__REQUIRED ACTION__:
Your copy of the data should leave out the images and match everything else exactly.

__DATA SHOWN__:
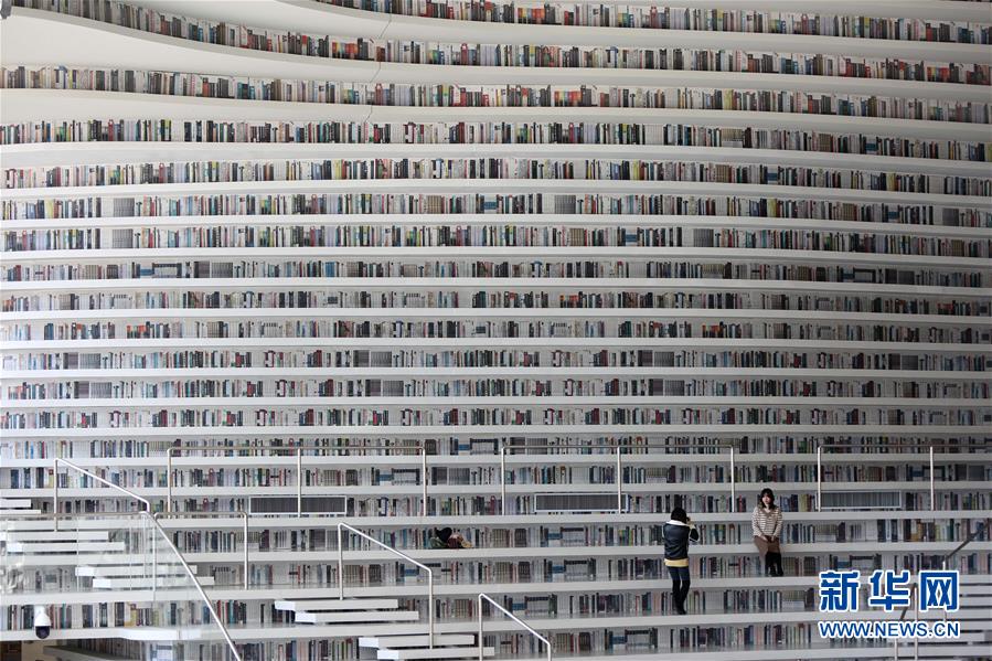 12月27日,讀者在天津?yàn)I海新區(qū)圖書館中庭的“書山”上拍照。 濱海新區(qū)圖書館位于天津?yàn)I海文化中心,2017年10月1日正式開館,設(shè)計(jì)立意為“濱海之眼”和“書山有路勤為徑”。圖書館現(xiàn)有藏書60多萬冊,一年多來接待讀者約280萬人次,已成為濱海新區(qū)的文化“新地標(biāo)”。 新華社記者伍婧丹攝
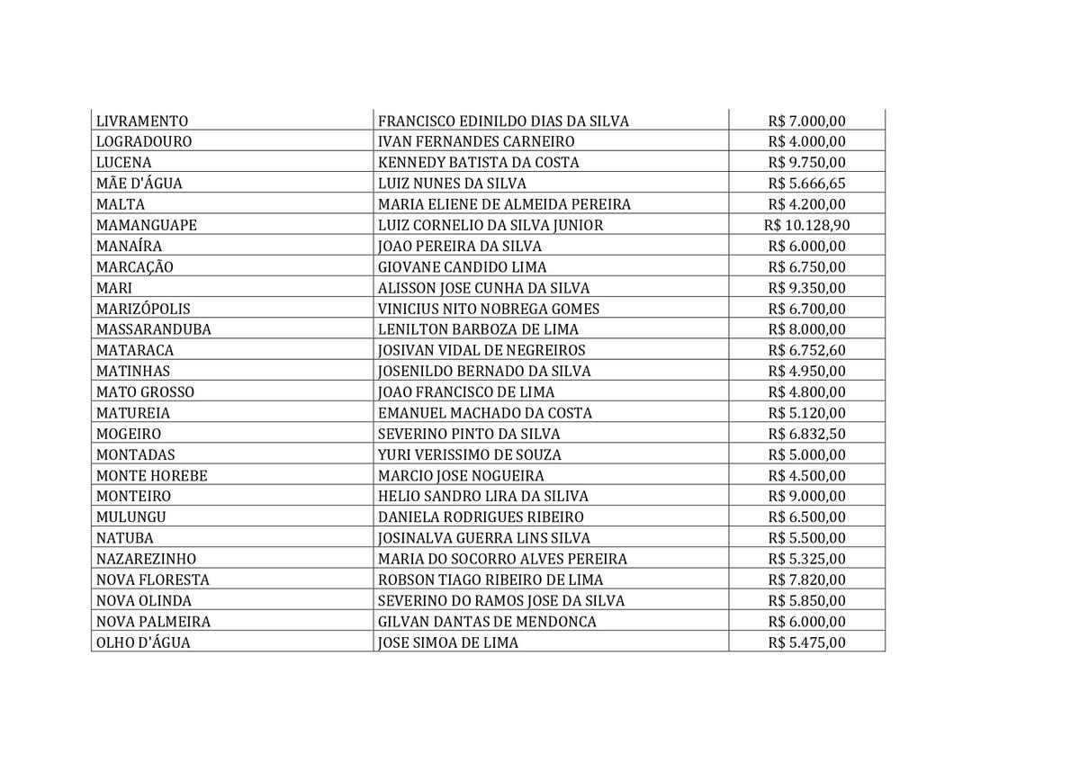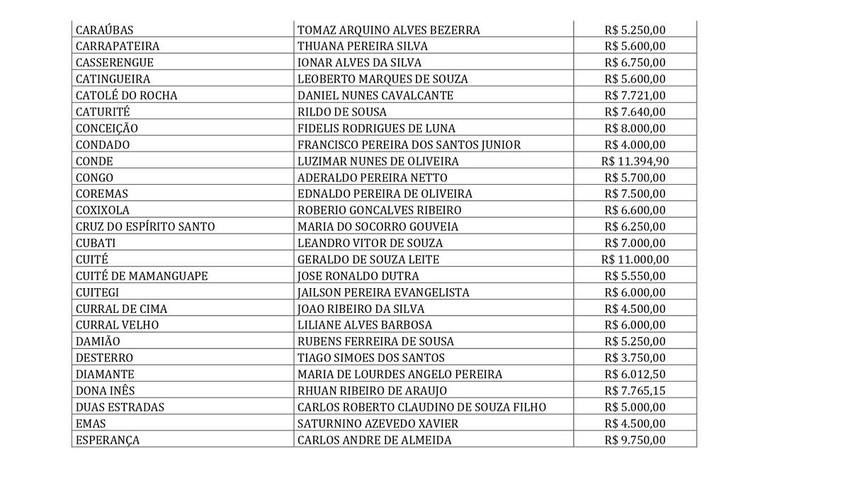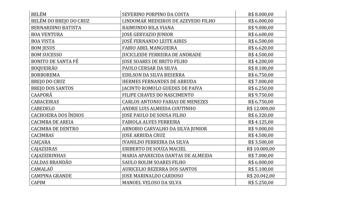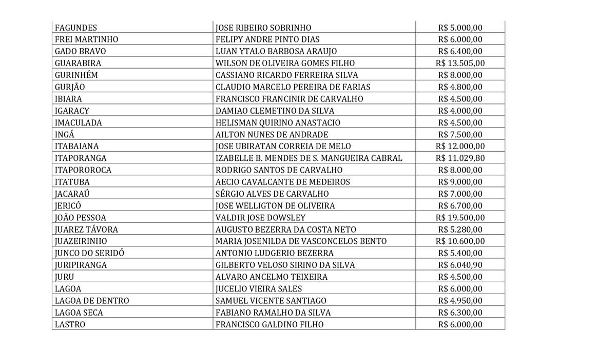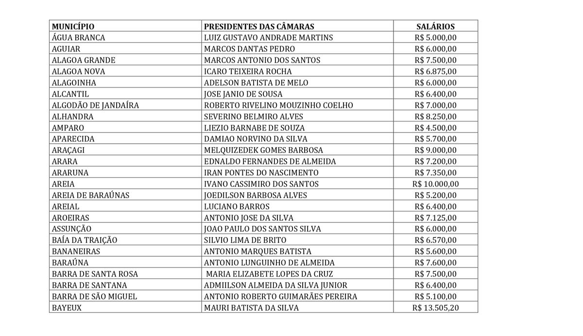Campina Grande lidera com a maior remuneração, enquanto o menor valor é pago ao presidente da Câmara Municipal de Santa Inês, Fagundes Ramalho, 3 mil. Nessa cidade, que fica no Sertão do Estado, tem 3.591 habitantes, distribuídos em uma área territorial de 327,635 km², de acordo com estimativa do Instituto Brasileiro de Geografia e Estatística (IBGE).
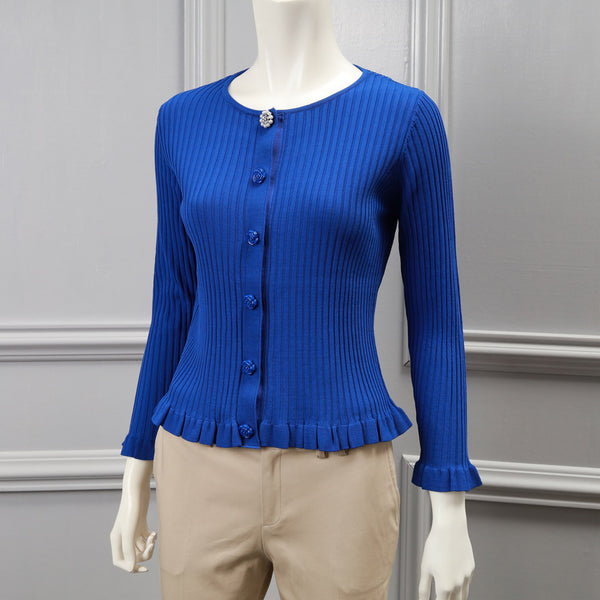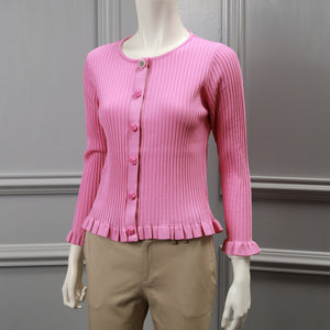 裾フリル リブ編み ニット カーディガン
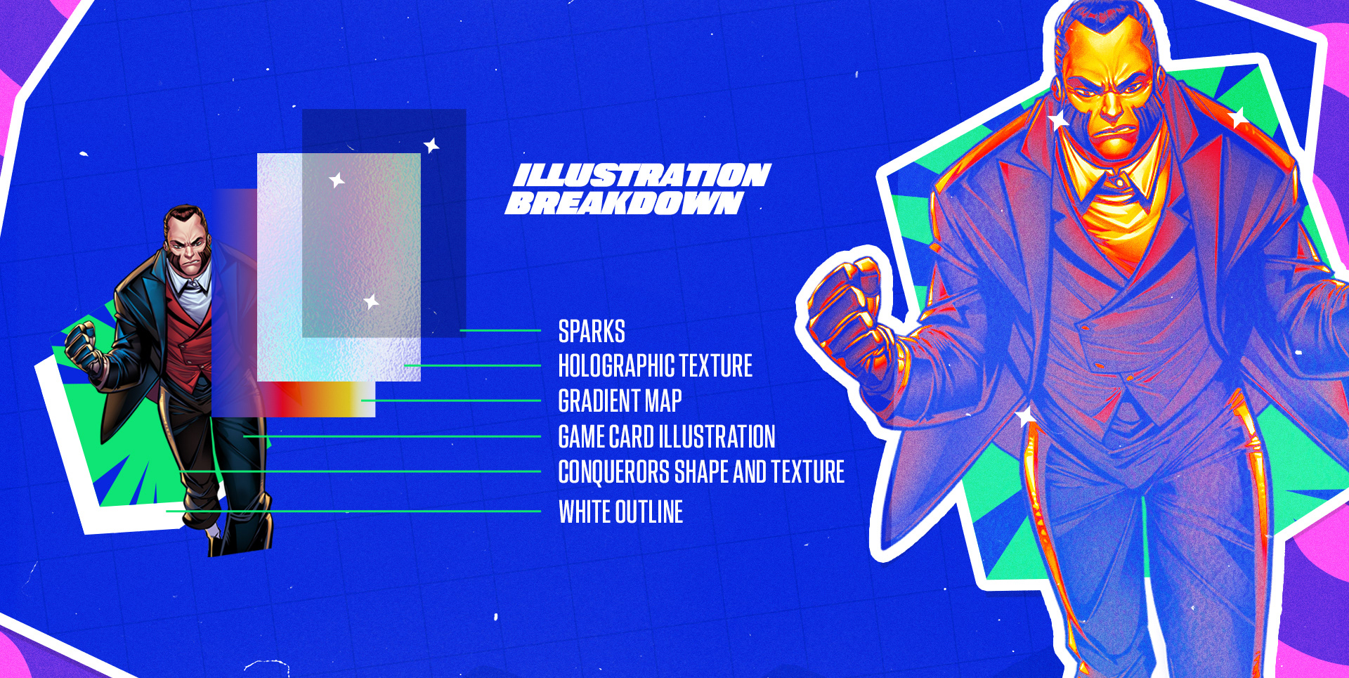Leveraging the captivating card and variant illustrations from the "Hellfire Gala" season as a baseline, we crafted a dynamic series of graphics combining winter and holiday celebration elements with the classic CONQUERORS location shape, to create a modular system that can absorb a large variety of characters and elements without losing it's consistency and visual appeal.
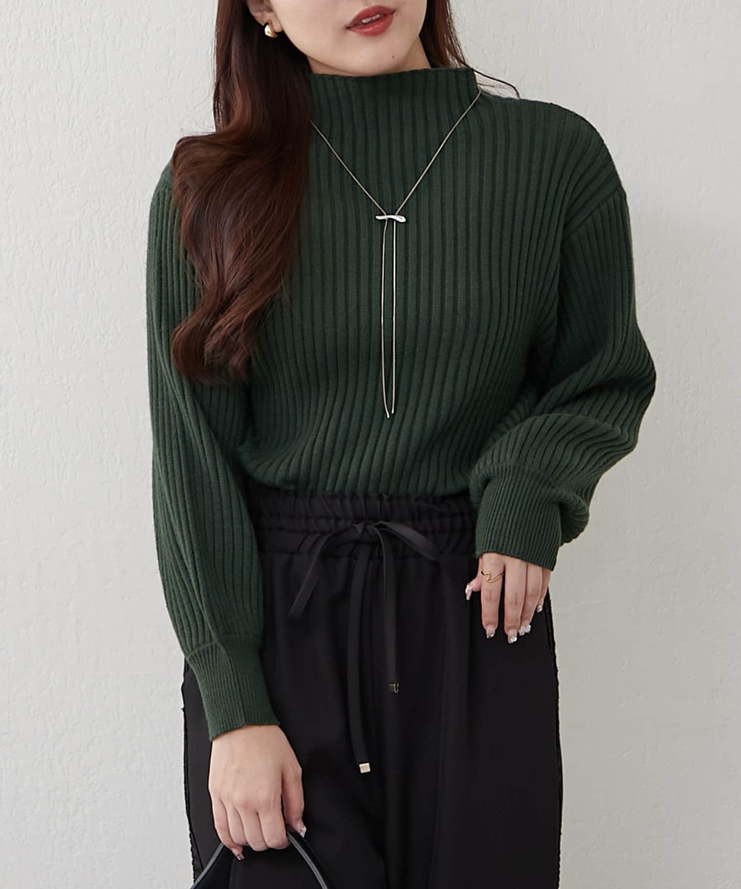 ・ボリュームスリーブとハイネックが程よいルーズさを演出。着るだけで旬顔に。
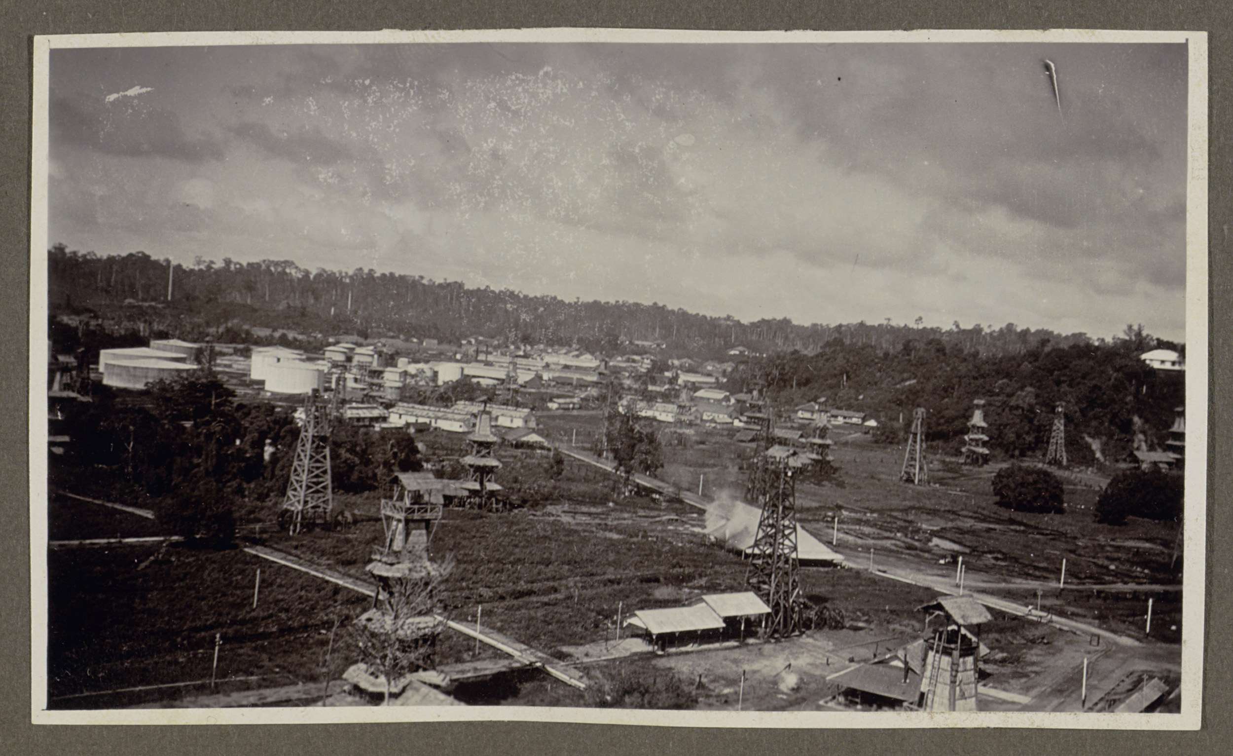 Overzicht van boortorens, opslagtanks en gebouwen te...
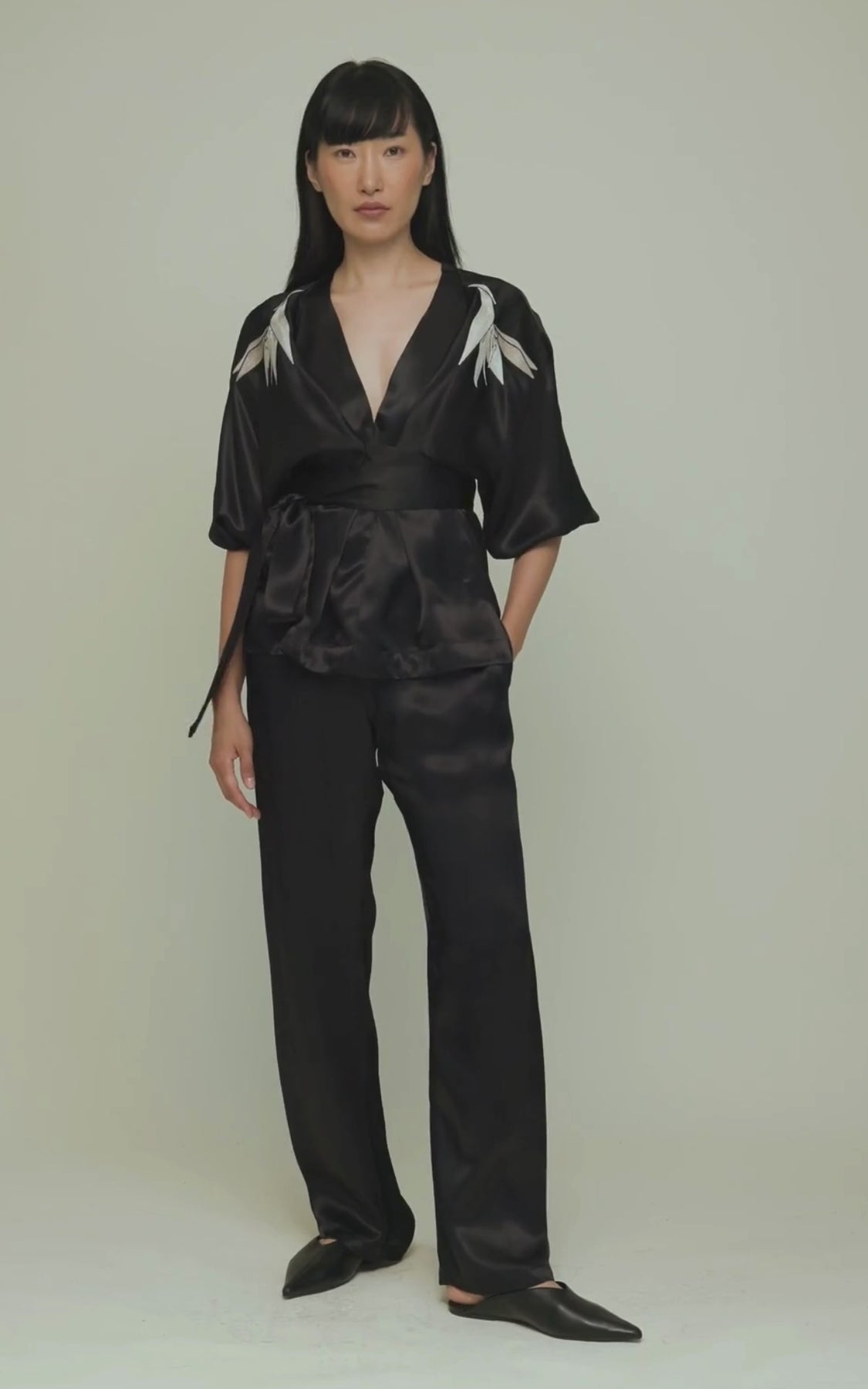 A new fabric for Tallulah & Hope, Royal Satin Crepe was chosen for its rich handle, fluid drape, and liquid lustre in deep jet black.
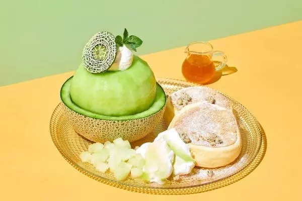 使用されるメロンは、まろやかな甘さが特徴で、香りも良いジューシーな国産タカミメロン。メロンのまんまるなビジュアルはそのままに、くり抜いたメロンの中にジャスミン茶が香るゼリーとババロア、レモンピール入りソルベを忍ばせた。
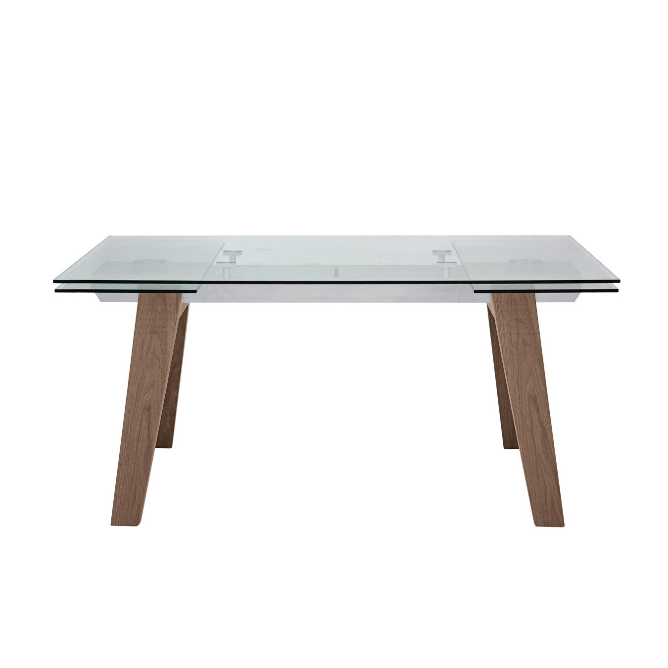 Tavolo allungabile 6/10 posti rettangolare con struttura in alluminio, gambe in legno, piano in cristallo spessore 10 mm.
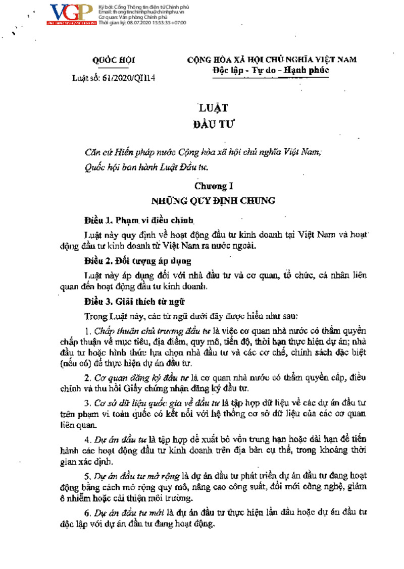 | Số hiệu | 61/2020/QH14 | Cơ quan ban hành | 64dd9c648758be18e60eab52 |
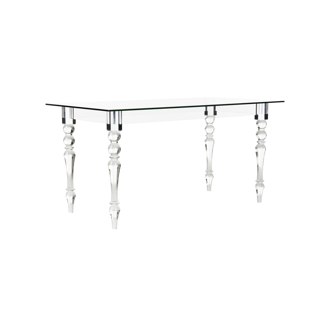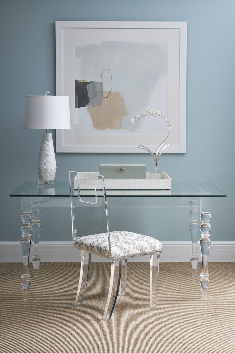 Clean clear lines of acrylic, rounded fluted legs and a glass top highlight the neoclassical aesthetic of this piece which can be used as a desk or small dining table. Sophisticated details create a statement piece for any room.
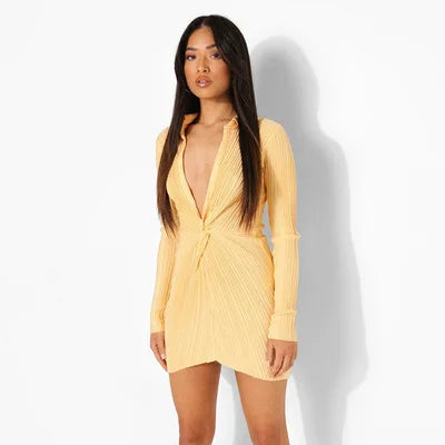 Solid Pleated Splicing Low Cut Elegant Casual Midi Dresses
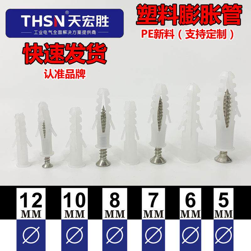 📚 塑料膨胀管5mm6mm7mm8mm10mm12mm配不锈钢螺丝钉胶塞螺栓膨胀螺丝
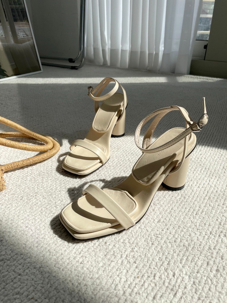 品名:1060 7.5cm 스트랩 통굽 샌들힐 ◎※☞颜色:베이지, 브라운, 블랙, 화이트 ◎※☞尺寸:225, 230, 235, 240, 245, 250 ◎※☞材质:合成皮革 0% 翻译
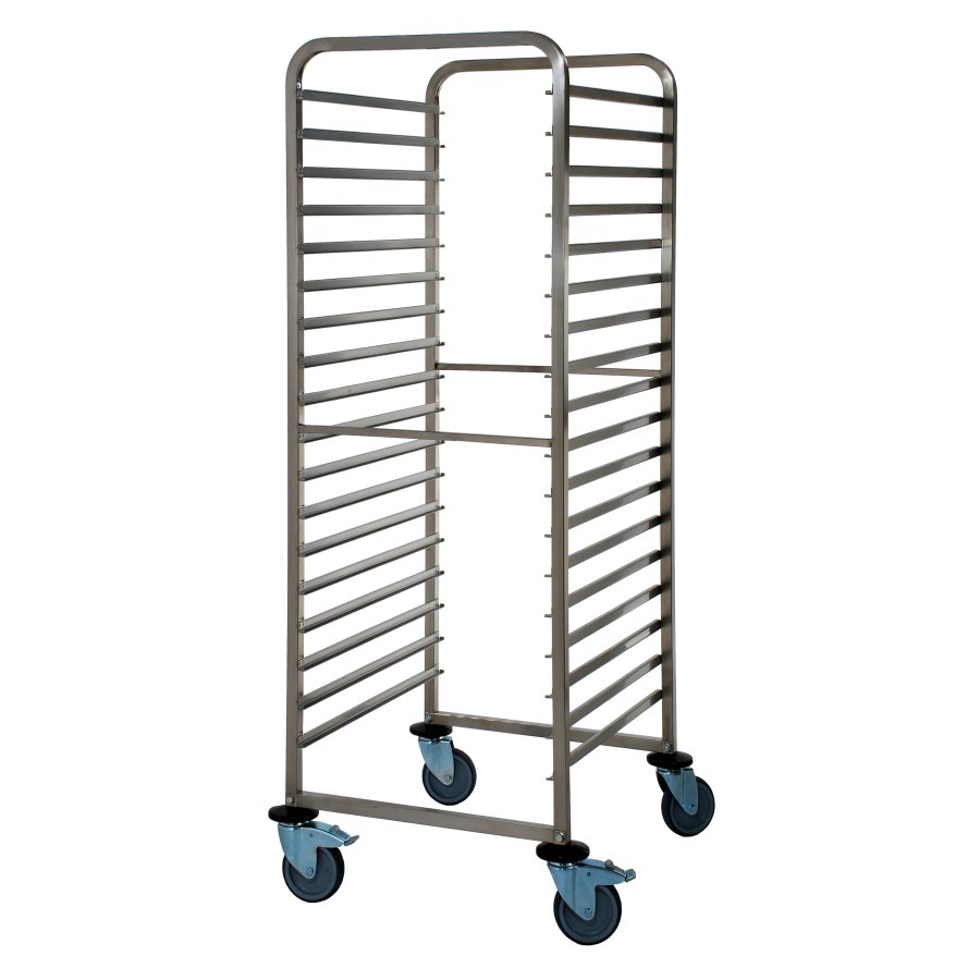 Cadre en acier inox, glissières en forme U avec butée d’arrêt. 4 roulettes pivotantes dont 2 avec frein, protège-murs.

__RESPONSE BELOW__:
 12月27日,讀者在天津?yàn)I海新區(qū)圖書館中庭的“書山”上拍照。 濱海新區(qū)圖書館位于天津?yàn)I海文化中心,2017年10月1日正式開館,設(shè)計(jì)立意為“濱海之眼”和“書山有路勤為徑”。圖書館現(xiàn)有藏書60多萬冊,一年多來接待讀者約280萬人次,已成為濱海新區(qū)的文化“新地標(biāo)”。 新華社記者伍婧丹攝
Campina Grande lidera com a maior remuneração, enquanto o menor valor é pago ao presidente da Câmara Municipal de Santa Inês, Fagundes Ramalho, 3 mil. Nessa cidade, que fica no Sertão do Estado, tem 3.591 habitantes, distribuídos em uma área territorial de 327,635 km², de acordo com estimativa do Instituto Brasileiro de Geografia e Estatística (IBGE).
 裾フリル リブ編み ニット カーディガン
Leveraging the captivating card and variant illustrations from the "Hellfire Gala" season as a baseline, we crafted a dynamic series of graphics combining winter and holiday celebration elements with the classic CONQUERORS location shape, to create a modular system that can absorb a large variety of characters and elements without losing it's consistency and visual appeal.
 ・ボリュームスリーブとハイネックが程よいルーズさを演出。着るだけで旬顔に。
 Overzicht van boortorens, opslagtanks en gebouwen te...
 A new fabric for Tallulah & Hope, Royal Satin Crepe was chosen for its rich handle, fluid drape, and liquid lustre in deep jet black.
 使用されるメロンは、まろやかな甘さが特徴で、香りも良いジューシーな国産タカミメロン。メロンのまんまるなビジュアルはそのままに、くり抜いたメロンの中にジャスミン茶が香るゼリーとババロア、レモンピール入りソルベを忍ばせた。
 Tavolo allungabile 6/10 posti rettangolare con struttura in alluminio, gambe in legno, piano in cristallo spessore 10 mm.
 | Số hiệu | 61/2020/QH14 | Cơ quan ban hành | 64dd9c648758be18e60eab52 |
 Clean clear lines of acrylic, rounded fluted legs and a glass top highlight the neoclassical aesthetic of this piece which can be used as a desk or small dining table. Sophisticated details create a statement piece for any room.
 Solid Pleated Splicing Low Cut Elegant Casual Midi Dresses
 📚 塑料膨胀管5mm6mm7mm8mm10mm12mm配不锈钢螺丝钉胶塞螺栓膨胀螺丝
 品名:1060 7.5cm 스트랩 통굽 샌들힐 ◎※☞颜色:베이지, 브라운, 블랙, 화이트 ◎※☞尺寸:225, 230, 235, 240, 245, 250 ◎※☞材质:合成皮革 0% 翻译
 Cadre en acier inox, glissières en forme U avec butée d’arrêt. 4 roulettes pivotantes dont 2 avec frein, protège-murs.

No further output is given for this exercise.